#### [WORK INSTRUCTION]
An exact transcription of every record is needed, leaving out the pictures.

┄┄┄┄┄┄┄┄┄┄

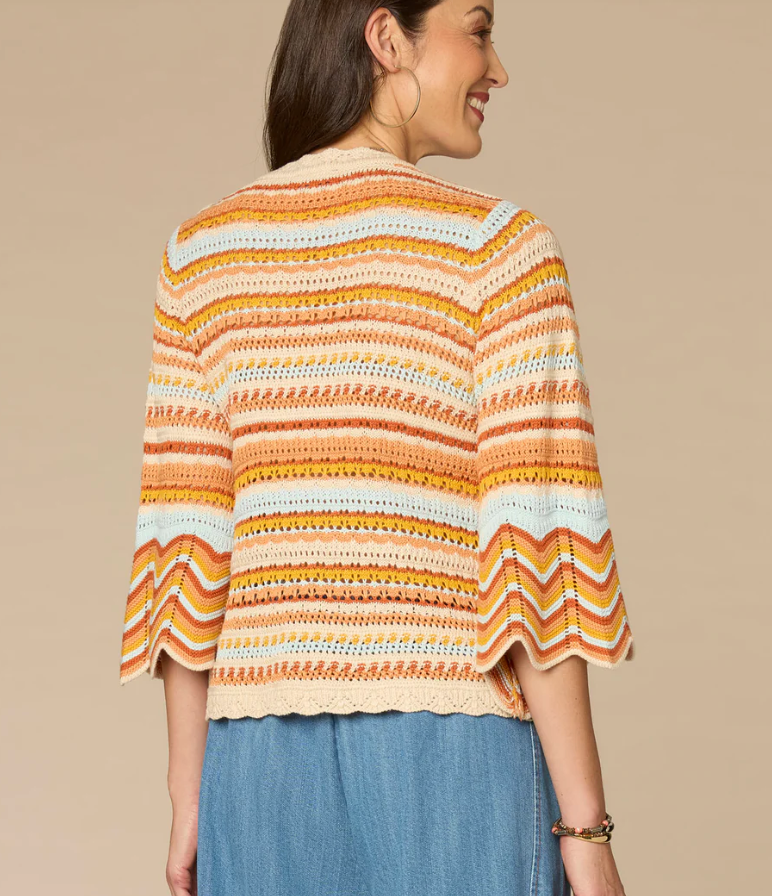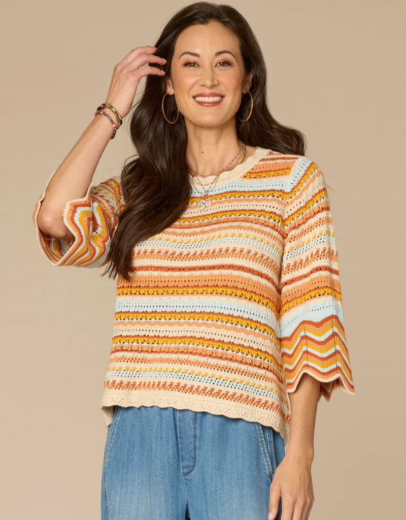 Three Quarter Bell Sleeve Round Neck Scallop Crochet Striped Sweater
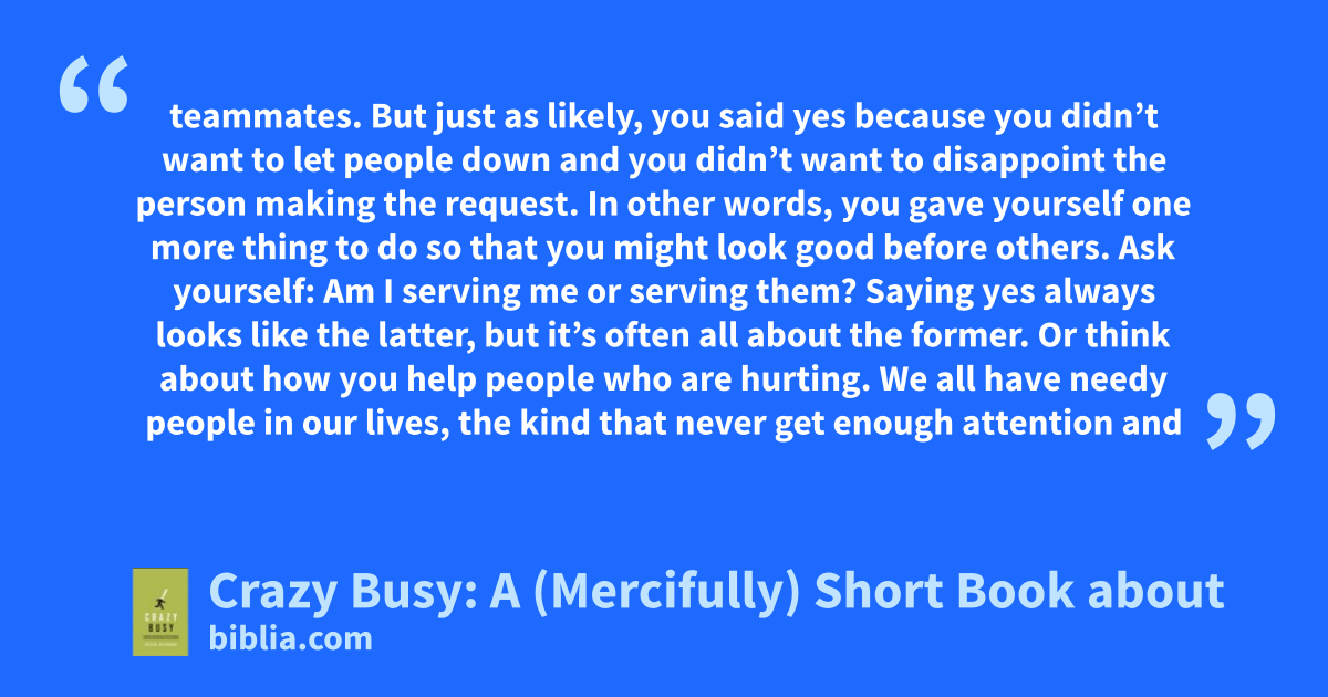 teammates. But just as likely, you said yes because you didn’t want to let people down and you didn’t want to disappoint the person making the request. In other words, you gave yourself one more thing to do so that you might look good before others. Ask yourself: Am I serving me or serving them? Saying yes always looks like the latter, but it’s often all about the former. Or think about how you help people who are hurting. We all have needy people in our lives, the kind that never get enough attention and
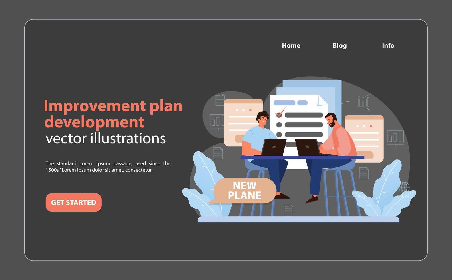 Benchmarking Plan Development . Collaborative teamwork in action. Pro Vector
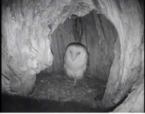 Two owls at home in the Ritz. One owl suddenly climbed up the side of the pantry wall out of view. The owl left behind watched with interest saying something…couldn’t hear…😆 After a minute, the owl dropped back down to the floor of the cavity and is perched on the lip.
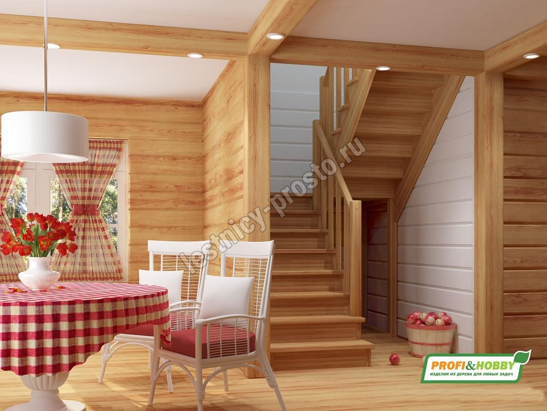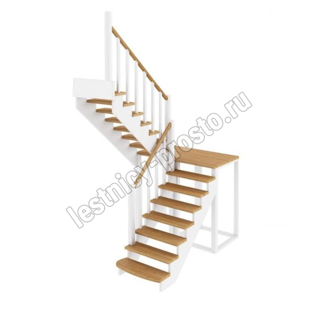 Базовый комплект включает в себя деревянные элементы лестницы с подступёнками и ограждение без какого-либо покрытия.
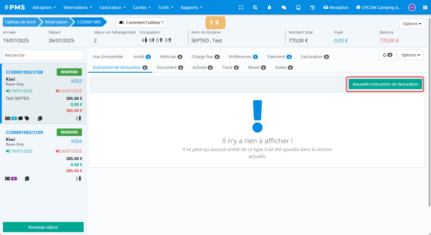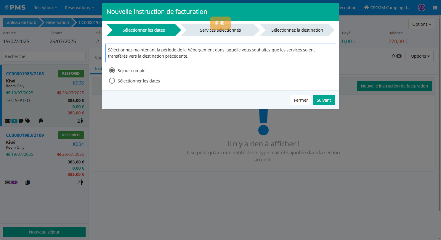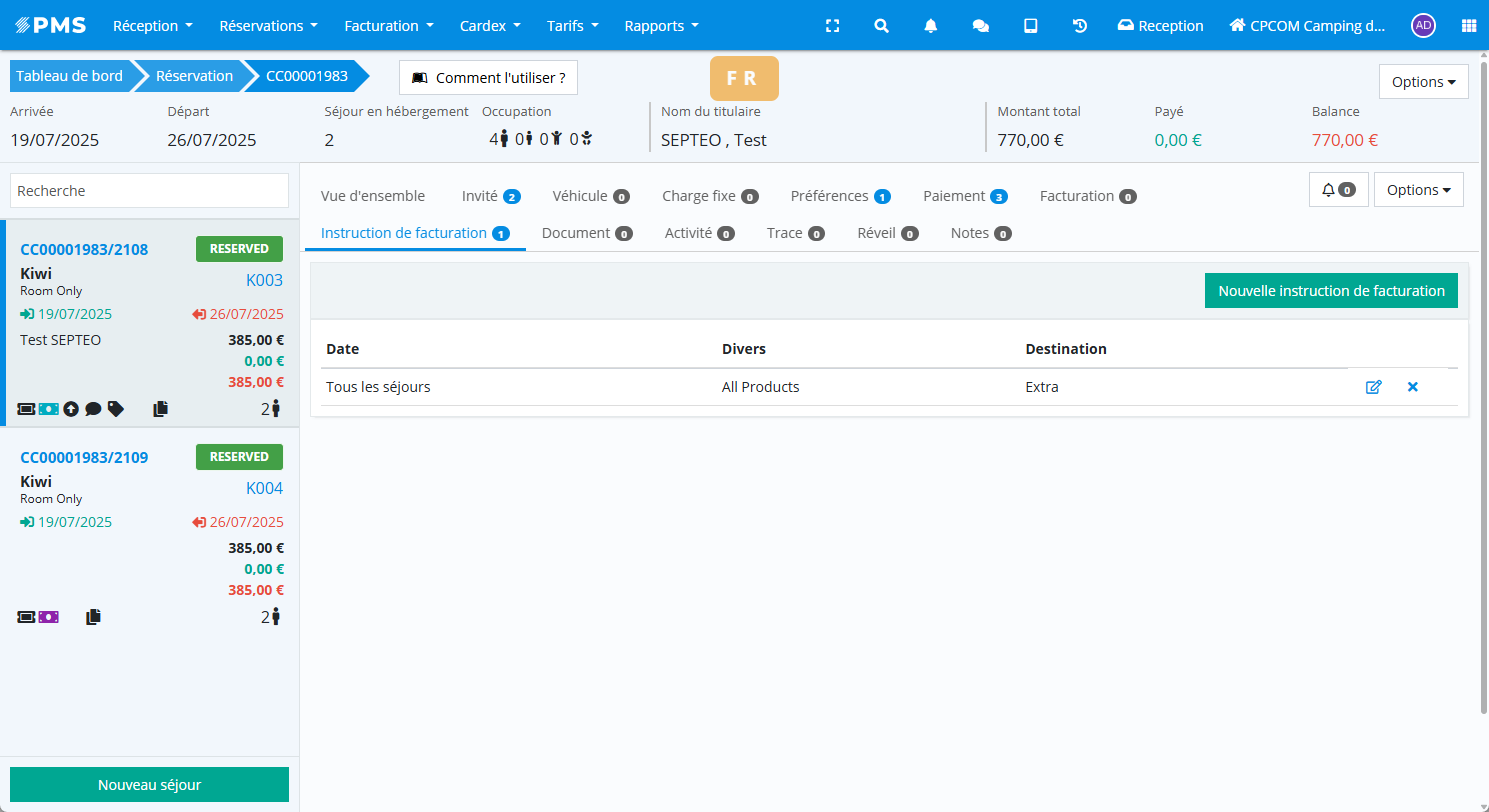 Un seul folio règle l’ensemble des charges d’une réservation multi-séjours.

┄┄┄┄┄┄┄┄┄┄

#### [RESPONSE BOX]
 Three Quarter Bell Sleeve Round Neck Scallop Crochet Striped Sweater
 teammates. But just as likely, you said yes because you didn’t want to let people down and you didn’t want to disappoint the person making the request. In other words, you gave yourself one more thing to do so that you might look good before others. Ask yourself: Am I serving me or serving them? Saying yes always looks like the latter, but it’s often all about the former. Or think about how you help people who are hurting. We all have needy people in our lives, the kind that never get enough attention and
 Benchmarking Plan Development . Collaborative teamwork in action. Pro Vector
 Two owls at home in the Ritz. One owl suddenly climbed up the side of the pantry wall out of view. The owl left behind watched with interest saying something…couldn’t hear…😆 After a minute, the owl dropped back down to the floor of the cavity and is perched on the lip.
 Базовый комплект включает в себя деревянные элементы лестницы с подступёнками и ограждение без какого-либо покрытия.
 Un seul folio règle l’ensemble des charges d’une réservation multi-séjours.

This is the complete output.